LikeLiked by 1 person
HAHAHAHAHA!
LikeLike
I first watched The magic flute many years ago and I found the music beautiful, but the plot absolutely dreadful. If there’s an opera from Mozart to criticise is that one, with its almost unbelievable misogyny. I just gave up on M. Then I watched the one you recommends, with Freni. Even with some very strange close-ups, it gave me back faith in Mozart. It is not only decorated with beautiful music, it is so entertaining! And the critics are also valid, but they only show the human nature that we all share in a certain point
LikeLiked by 1 person
The Marxist criticism of Figaro is entirely tongue-in-cheek (although I can imagine plenty of Regie directors agreeing…). But The Magic Flute… I’m not sure why it’s done so often. As you say, it’s very misogynistic (and racist, too). At one point, I had a post up, in which i described it like this:
A rather dim prince joins a woman-hating, slave-owning cult, and goes through their weird initiation rituals. The cult leader kidnaps girls ‘for their own good’; has a strict regime of corporal punishment for transgressions (like recapturing escaped prisoners); and has hundreds of brainwashed followers. But he must be good, because he peppers his speech with references to love and brotherhood.
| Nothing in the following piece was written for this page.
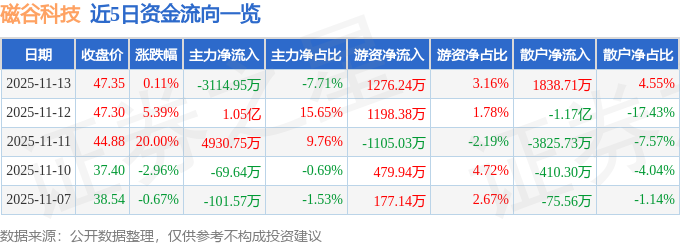 证券之星消息,截至2025年11月13日收盘,磁谷科技(688448)报收于47.35元,上涨0.11%,换手率18.06%,成交量8.66万手,成交额4.04亿元。
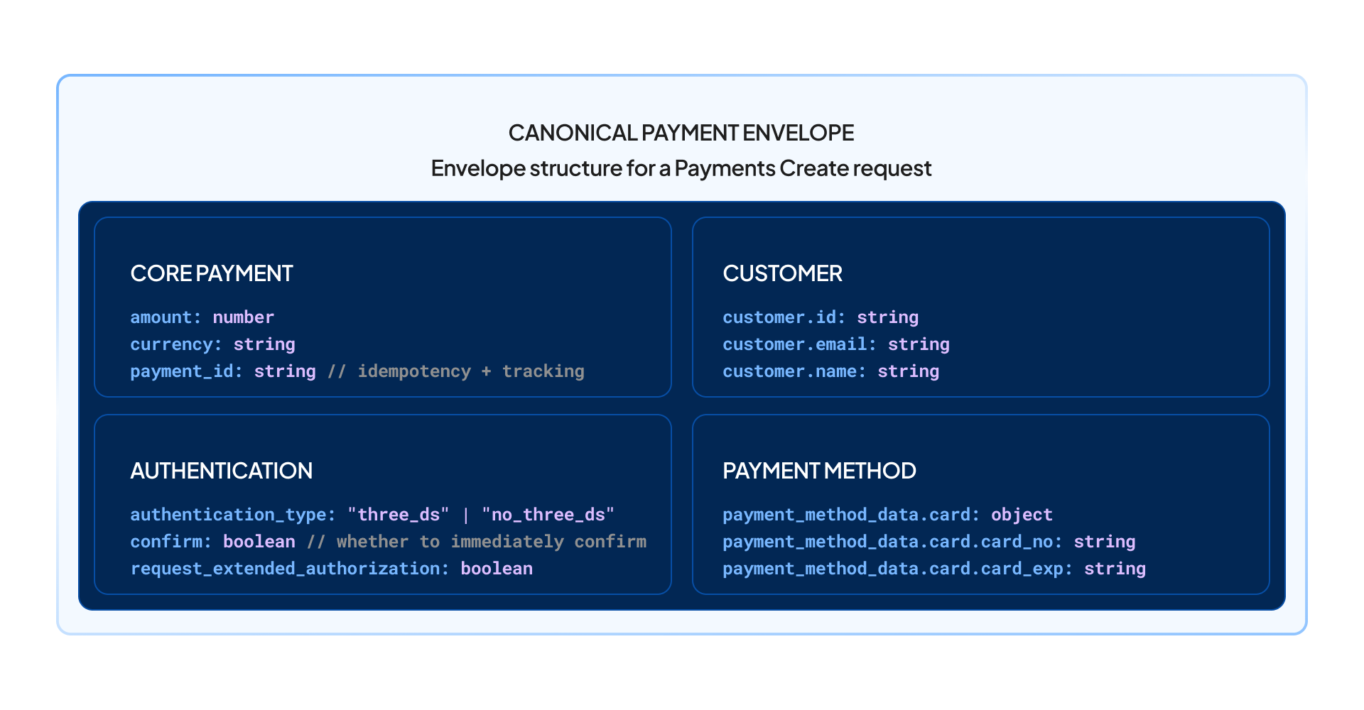 The canonical envelope is powerful because it turns the moving parts of payments into signals rather than separate integration tracks. This allows platforms to evolve without introducing new code paths. Concretely, the canonical envelope is just a JSON body your backend sends to POST /payments. Here’s what that looks like in practice:

Not sisterhood, of course. The hero is sent on his quest by the Queen of the Night – but she has an XX chromosome, so she’s wrong. “Then it is a woman who has beguiled you? A woman does little, gossips much. Young man, do you believe wagging tongues?” (Act I, sc. 15). Tamino swallows this line quickly; by Act II (sc. 5), he tells Papageno the Queen “is a woman, and has women’s wits!”. The Queen is told not to “delve into mysteries that are unfathomable to a woman’s mind. Your duty, and that of your daughter, is to submit to the guidance of wise men” (Act II, sc. 8). Pamina wants to go back to her mother; Sarastro will not grant her freedom, because her happiness would break if he left Pamina in her mother’s hands. The Queen of the Night is “a proud woman. A man must guide your hearts, For without one every woman tends To step out of her natural sphere” (Act I, sc. 18). There’s even a little duet (‘Bewahret euch vor Weibertücken’): the first duty of the Brotherhood is to beware women’s wiles; death and despair await those led astray by women.
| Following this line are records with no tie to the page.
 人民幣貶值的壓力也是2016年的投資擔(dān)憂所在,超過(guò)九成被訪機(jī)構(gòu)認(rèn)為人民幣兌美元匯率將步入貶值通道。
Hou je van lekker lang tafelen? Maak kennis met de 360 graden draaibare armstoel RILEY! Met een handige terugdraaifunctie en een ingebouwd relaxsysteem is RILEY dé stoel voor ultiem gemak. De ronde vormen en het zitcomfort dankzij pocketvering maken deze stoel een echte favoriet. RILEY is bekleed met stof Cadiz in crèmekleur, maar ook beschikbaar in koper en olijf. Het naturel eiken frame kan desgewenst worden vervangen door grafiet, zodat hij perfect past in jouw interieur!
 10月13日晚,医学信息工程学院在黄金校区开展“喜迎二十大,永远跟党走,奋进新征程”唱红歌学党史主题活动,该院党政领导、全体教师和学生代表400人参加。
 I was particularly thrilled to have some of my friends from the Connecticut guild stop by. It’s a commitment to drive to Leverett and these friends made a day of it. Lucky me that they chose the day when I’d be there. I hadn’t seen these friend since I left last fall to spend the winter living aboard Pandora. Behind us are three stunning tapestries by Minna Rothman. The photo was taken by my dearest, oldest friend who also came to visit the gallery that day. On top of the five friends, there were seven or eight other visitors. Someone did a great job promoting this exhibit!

The libretto is equally unsound on race relations. There’s one black character – who wants to rape white women. “Blacks are ugly, and whites are beautiful,” Monostatos sings.
At the end of the opera, the religious cult sends nearly all the women and the black guy to hell. So much for Sarastro’s claim that in these holy halls they know no vengeance, and forgive their enemies.
The Magic Flute is a product of its time, some say. So are Il mondo alla rovescia, set on an island where women rule, and where men find themselves on the receiving end of the objectifying gaze; and Die Neger, where a black servant and a white maid sing an interracial love duet. Both are by Salieri.
LikeLike
Very good post, indeed. Should been on the site already! The end with Salieri is a master move. I’m really enjoying reading your site!